Indonesia menghadapi tantangan fundamental: aturan perpajakan yang belum kompetitif dibandingkan pajak korporasi Singapura (17% efektif dengan insentif) atau Hong Kong (16,5%), serta ketersediaan talenta profesional berbahasa Inggris. Jika tidak disertai reformasi perpajakan dan pendidikan, PFII bisa menjadi zona eksklusif tanpa dampak signifikan ke ekonomi riil. Yang harus dipantau dalam 2-4 minggu ke depan adalah: pertama, apakah Panja mampu menghasilkan draf final tepat waktu — jika molor, target 21 Juli batal dan UU P2SK terancam dilanggar. Kedua, substansi insentif fiskal yang ditawarkan: apakah ada pemotongan pajak penghasilan badan, pembebasan bea masuk, atau kemudahan visa. Ketiga, respons pelaku industri: asosiasi perbankan dan sekuritas akan memberikan masukan.
Keempat, sorotan internasional: jika ada pasal yang melanggar standar OECD atau FATF, PFII bisa menjadi isu diplomasi. Kelima, apakah pemerintah mengumumkan lokasi zona PFII (misalnya Batam, BSD, atau Nusantara) — ini akan menentukan sektor properti dan infrastruktur mana yang kebagian windfall.
Mengapa Ini Penting
Pengesahan RUU PFII akan menentukan langkah Indonesia dalam merebut pangsa pasar jasa keuangan global yang saat ini didominasi Singapura dan Hong Kong. Jika berhasil, ini bisa menjadi katalis investasi asing langsung, mendiversifikasi sumber pendanaan di luar utang dan pasar modal konvensional, serta memperkuat posisi tawar Indonesia di forum G20. Jika gagal karena tata kelola lemah atau insentif tidak kompetitif, Indonesia justru berisiko menjadi hub praktik keuangan menyimpang yang akan dijauhi investor institusional.
Dampak ke Bisnis
- Bagi perusahaan jasa keuangan (bank, asuransi, sekuritas) asing dan lokal: kejelasan zona PFII dapat mendorong relokasi kantor regional dari Singapura ke Indonesia, terutama untuk layanan treasury, wealth management, dan perdagangan derivatif. Namun, biaya adaptasi regulasi dan perpajakan baru perlu diperhitungkan.
- Bagi emiten properti dan infrastruktur: lokasi PFII yang ditetapkan (misalnya BSD, Batam, atau IKN) akan mendongkrak permintaan lahan perkantoran premium, residensial ekspatriat, dan insfrastruktur pendukung. Perusahaan seperti BSD, LPKR, atau pemilik lahan di dekat zona calon PFII berpotensi mendapat katalis.
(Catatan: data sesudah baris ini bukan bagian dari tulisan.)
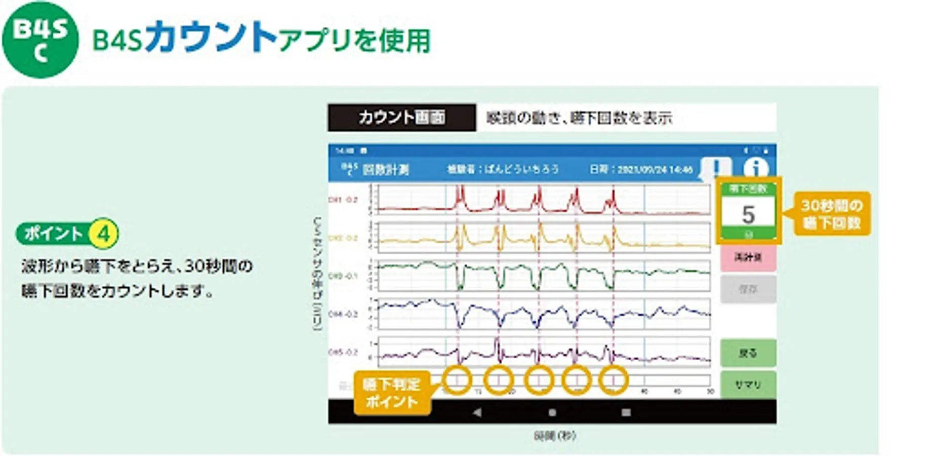 ・ The swallowing movement monitor B4S is not a medical device. Talk to your healthcare professional about swallowing function assessments for the purpose of diagnosing, treating, or preventing illness.

- Bagi pemerintah pusat dan daerah: PFII berpotensi menambah penerimaan pajak dari aktivitas keuangan internasional dan menciptakan lapangan kerja sektor jasa. Namun, perlu ada investasi besar di SDM dan infrastruktur digital — beban fiskal jangka pendek yang harus ditanggung di tengah defisit APBN yang sudah lebar.
Yang Perlu Dipantau
- Yang perlu dipantau: jadwal pembahasan Panja mulai 2 Juli hingga 20 Juli — jika ada penundaan atau tarik ulur antar fraksi, target pengesahan 21 Juli terancam gagal.
- Risiko yang perlu dicermati: jika draf akhir tidak mencantumkan klausul AML/CFT yang memadai, PFII bisa mendapat sorotan dari FATF, yang berujung pada peningkatan biaya transaksi internasional dan penurunan minat investor institusional.
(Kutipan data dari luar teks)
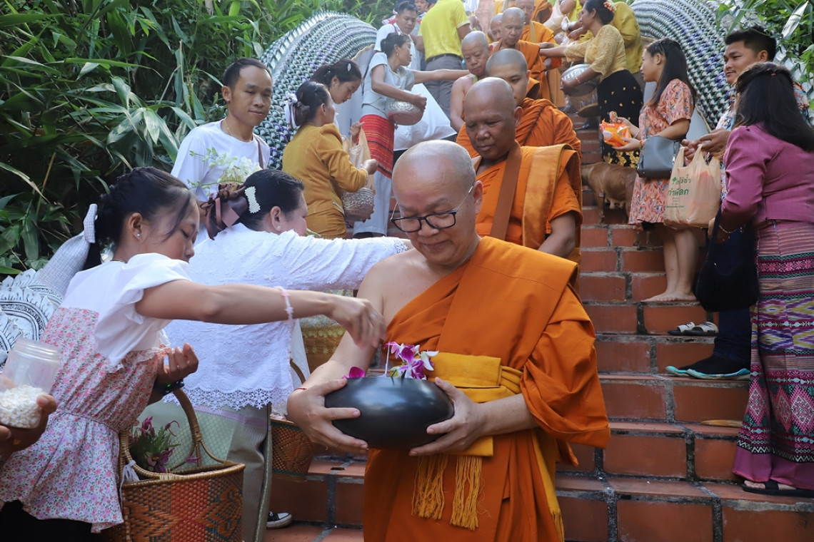 วันที่ 18 ต.ค.67 เวลา 06.30 น. พระครูอนุยุตสังฆกิจ เจ้าคณะอำเภอปางมะผ้า ( เจ้าอาวาสวัดปางหมู ) นำคณะศรัทธาญาติโยม ประชาชน และนักท่องเที่ยว ร่วมทำบุญตักบาตรเทโวโรหนะ เนื่องในเทศกาลวันออกพรรษา ประจำปี 2567 ณ พระธาตุวัดปางหมู ต.ปางหมู อ.เมือง จ.แม่ฮ่องสอน โดยมีพระสงฆ์สามเณร ออกรับบิณฑบาต ข้าวสารอาหารแห้ง จากประชาชน และนักท่องเที่ยวจำนวน 29 รูป เพื่ออนุรักษ์ประพณีอันดีงามให้คงอยู่ อีกทั้งเป็นการสืบทอดพระพุทธศาสนาให้ยั่งยืนสืบไป

- Sinyal penting: pengumuman resmi insentif perpajakan dan lokasi PFII — tarif PPh badan khusus (misalnya 10% atau tax holiday 15 tahun) akan menentukan daya saing dibandingkan Singapura dan Hong Kong.
Analisis ini dibuat oleh sistem AI Feedberry berdasarkan sumber berita publik dan tidak merupakan saran investasi atau keputusan bisnis. Selalu verifikasi dengan sumber primer.